The first thing we did was to point a browser at https://payments.corporate.lloydsbank.com/ (on an independent internet connection) and nothing happened - it just sat there waiting. So clearly Lloyds were having some problems.
We did some slightly lower level debugging:
# openssl s_client -connect payments.corporate.lloydsbank.com:443 -servername payments.corporate.lloydsbank.com
...it sat there for a long time before eventually:
CONNECTED(00000003)
...then more sitting there for a long time before:
write:errno=104
---
no peer certificate available
---
No client certificate CA names sent
---
SSL handshake has read 0 bytes and written 0 bytes
---
New, (NONE), Cipher is (NONE)
Secure Renegotiation IS NOT supported
Compression: NONE
Expansion: NONE
---
Oh dear... It should have connected immediately and we should've got a certificate back but instead the web server dropped the connection.
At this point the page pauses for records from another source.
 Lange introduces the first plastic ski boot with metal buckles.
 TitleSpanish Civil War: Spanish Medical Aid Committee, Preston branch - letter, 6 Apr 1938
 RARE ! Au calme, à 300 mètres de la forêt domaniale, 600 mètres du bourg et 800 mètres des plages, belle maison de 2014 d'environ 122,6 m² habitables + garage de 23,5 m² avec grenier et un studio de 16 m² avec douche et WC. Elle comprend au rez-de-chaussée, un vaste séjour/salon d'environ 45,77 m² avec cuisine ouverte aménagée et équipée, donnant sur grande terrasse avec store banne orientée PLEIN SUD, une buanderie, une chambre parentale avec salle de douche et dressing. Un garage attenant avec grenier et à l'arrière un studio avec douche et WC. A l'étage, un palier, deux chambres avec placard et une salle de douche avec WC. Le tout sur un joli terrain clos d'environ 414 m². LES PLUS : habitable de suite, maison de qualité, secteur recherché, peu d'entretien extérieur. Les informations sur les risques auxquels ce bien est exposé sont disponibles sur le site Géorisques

Firing up tcpdump to see the actual network traffic, we found that:
- There was a significant delay before the first packet (SYN) even appeared. So something else was going on before the connection was even attempted. A DNS problem was a good bet.
- The first packet (SYN) was resent about 3 times before the web server responded. This would also cause a significant delay in starting the connection.
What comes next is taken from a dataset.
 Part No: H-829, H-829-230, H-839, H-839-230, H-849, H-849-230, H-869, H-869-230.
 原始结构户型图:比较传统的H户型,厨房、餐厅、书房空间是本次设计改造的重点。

So, investigating a potential DNS problem:
dig payments.corporate.lloydsbank.com
resulted in a long wait before failing - definitely a DNS problem then. Lets find the name servers responsible:
# dig payments.corporate.lloydsbank.com ns +trace
<snip>
payments.corporate.lloydsbank.com. IN NS ns-lv6.lloydsbanking.com.
payments.corporate.lloydsbank.com. IN NS ns-lv2.lloydsbanking.com.
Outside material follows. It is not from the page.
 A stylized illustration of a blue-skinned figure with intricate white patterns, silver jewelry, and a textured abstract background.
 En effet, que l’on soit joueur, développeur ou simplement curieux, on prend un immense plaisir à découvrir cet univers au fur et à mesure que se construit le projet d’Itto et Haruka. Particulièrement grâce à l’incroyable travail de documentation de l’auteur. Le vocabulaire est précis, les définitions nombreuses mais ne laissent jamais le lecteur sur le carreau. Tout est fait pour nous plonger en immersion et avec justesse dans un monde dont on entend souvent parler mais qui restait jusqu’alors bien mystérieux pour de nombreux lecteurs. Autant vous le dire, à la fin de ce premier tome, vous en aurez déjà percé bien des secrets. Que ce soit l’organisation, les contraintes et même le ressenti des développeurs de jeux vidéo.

payments.corporate.lloydsbank.com. IN NS ns-lv7.lloydsbanking.com.
payments.corporate.lloydsbank.com. IN NS ns-lv3.lloydsbanking.com.
Looking those up gives us:
ns-lv6.lloydsbanking.com. IN A 141.92.88.1
ns-lv2.lloydsbanking.com. IN A 141.92.96.1
ns-lv7.lloydsbanking.com. IN A 195.171.195.169
ns-lv7.lloydsbanking.com. IN A 195.171.195.168
ns-lv7.lloydsbanking.com. IN A 195.171.195.167
ns-lv7.lloydsbanking.com. IN A 195.171.195.166
ns-lv7.lloydsbanking.com. IN A 195.171.195.165
ns-lv7.lloydsbanking.com. IN A 195.171.195.164
ns-lv7.lloydsbanking.com. IN A 195.171.195.163
ns-lv7.lloydsbanking.com. IN A 195.171.195.170
ns-lv3.lloydsbanking.com. IN A 141.92.104.1
So there were 11 name servers. And by trying to look up against each of those name servers we found that 9 of them are down. That means that about 82% of DNS requests would time out - at best things are going to be very slow while clients make repeated DNS lookups and wait for each to time out; at worst, clients will fail to find a working DNS server and give up, rendering the website inaccessible.
[Update 20 September 2018: Additionally it appears that all of the DNS servers are misconfigured and are not answering TCP connections. DNS requests can be made over either TCP or UDP, so DNS servers are required to answer both types of request. However, (when they are working) the Lloyds DNS servers are only answering UDP requests.]
[Update 27 September 2018: A week on and Lloyds still haven't fixed their DNS servers. We're consistently seeing the same 4 responsive DNS servers and 7 dead ones:
# ./test_dns payments.corporate.lloydsbank.com
ns-lv2.lloydsbanking.com. 141.92.96.1 Ok
ns-lv3.lloydsbanking.com. 141.92.104.1 Ok
ns-lv6.lloydsbanking.com. 141.92.88.1 Ok
ns-lv7.lloydsbanking.com. 195.171.195.163 Ok
ns-lv7.lloydsbanking.com. 195.171.195.164 Down
ns-lv7.lloydsbanking.com. 195.171.195.165 Down
ns-lv7.lloydsbanking.com. 195.171.195.166 Down
ns-lv7.lloydsbanking.com. 195.171.195.167 Down
ns-lv7.lloydsbanking.com. 195.171.195.168 Down
ns-lv7.lloydsbanking.com. 195.171.195.169 Down
ns-lv7.lloydsbanking.com. 195.171.195.170 Down
Also a further problem has been discovered with the Lloyds corporate banking website (https://www.lloydsbankcommercial.com/) - the web server only presents the leaf certificate to clients rather than the entire certificate chain. This is an incorrect configuration and results in some users receiving a security warning from their web browser when accessing the website. In that case, the user would need to bypass the browser's security warning in order to access the Lloyds banking website, which would make them susceptible to numerous attack vectors.]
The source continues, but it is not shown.